In the early 1990’s, Henryk Mikołaj Górecki was your teacher at the Music Academy in Katowice. In what ways does your father’s music inform your own compositional process or aesthetic?

As I said earlier the music was a frequent topic during our conversations, so there was not much difference between being his student or not. Usually we did not talk about compositional techniques only about music in general. When I was still in high school especially strong impression made on me his Muzyczka IV, chamber piece for the trombone, clarinet, cello and piano. It is a kind of a miniature of his Second Symphony, which was written a few years later. Another piece of his, which is very close to me, is Lerchenmusik for the clarinet, cello and piano. Was he responsible for your choice to pursue a musical career, or did you find yourself on that path independently of his direct influence? Generally speaking- yes. My father wanted me to be violinist. So when I was six I began practicing the violin. One year later I began playing the piano which I preferred than the violin. After few years I switched to piano as my major. But the truth was that I was never interested in being a performer. I have loved music but do not have that urge of sharing it with others thru performances. My only interest has been music itself. My greatest dream as a child was to be able to write music, especially for orchestra. The problem was that I grew up at home where a word “composer” was almost sacred, it was reserved for geniuses like Bach, Beethoven etc. Naturally, I could not say openly my dreams when I was very young. Later, when I was a teenager my father discovered by chance that I had been writing music and began to support me in that. But this did not change the fact that even today I do not see myself as a composer only as a guy who writes music.

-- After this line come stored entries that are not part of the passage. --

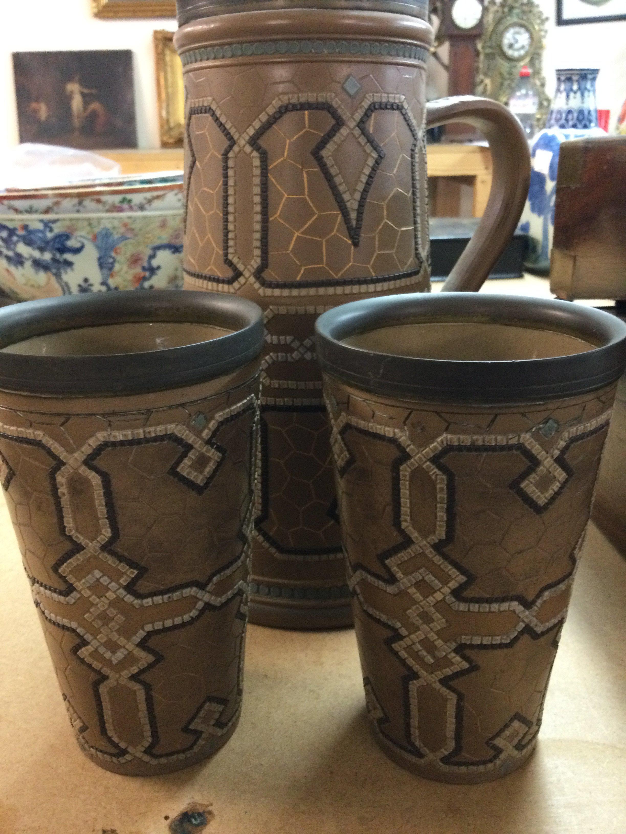 A Doulton jug with a silver plated rim and a pair of matching beakers .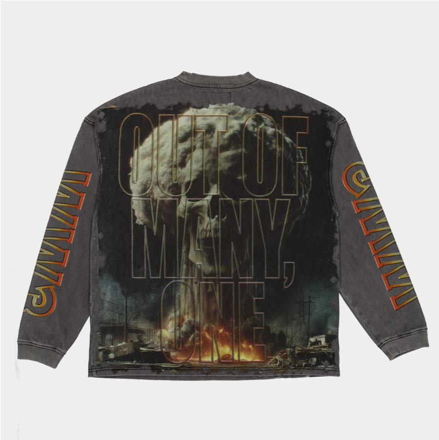 This long sleeve is crafted from 10oz mid-weight washed fabric and features a striking digital art piece.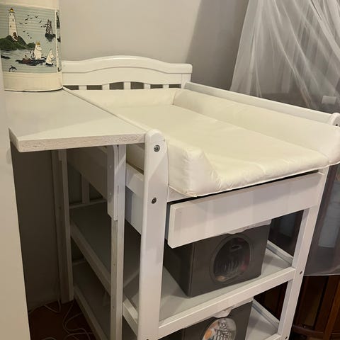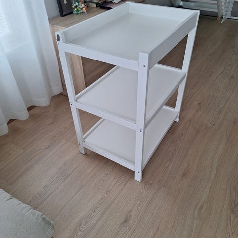 Valkoinen hoitopöytä, jossa myös runsaasti säilytystilaa. Irroitettava hoitotaso. Hyvässä kunnossa.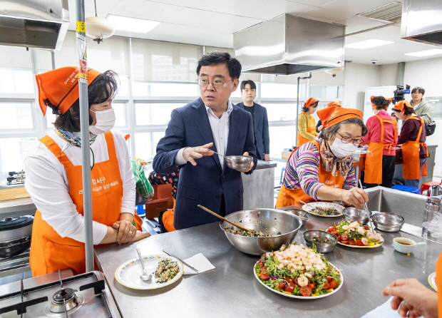 진 구청장은 수강생들과 음식을 함께 맛보며 요리 과정, 참여 소감, 건강관리 방법 등에 대해 이야기를 나누며 시간을 보냈다.
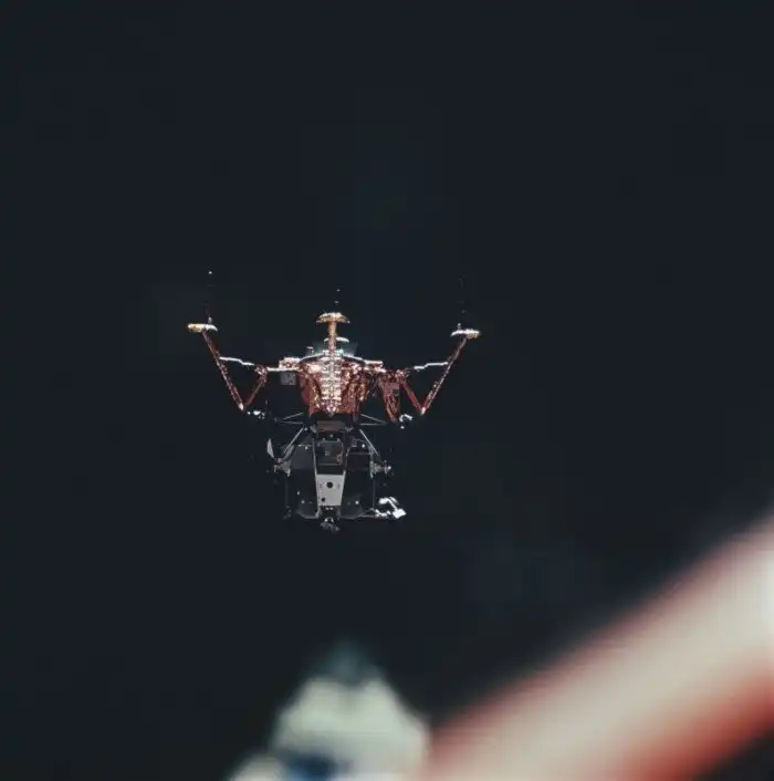 67. 30 июля 1971 года. Лунный модуль корабля Аполлон-15 после отделения от командного модуля перед посадкой на Луну.

Do you see this as being a particularly exciting time for contemporary music in Poland? Why?

I think it is exciting time for contemporary music anywhere, not only in Poland. We are lucky to live in times when an element of “shock” in the piece of art is worn out. You need to have really something to say, not just use this or another “new technique” which next day is forgotten.

What musical projects are you currently working on?

I do not like to talk about plans but I may tell you what my most recent piece is which I completed. It is a Nocturne for orchestra about 20 minutes long, dedicated to the memory of my father. It was premiered in Poland during one of the concerts commemorating the first anniversary of his death.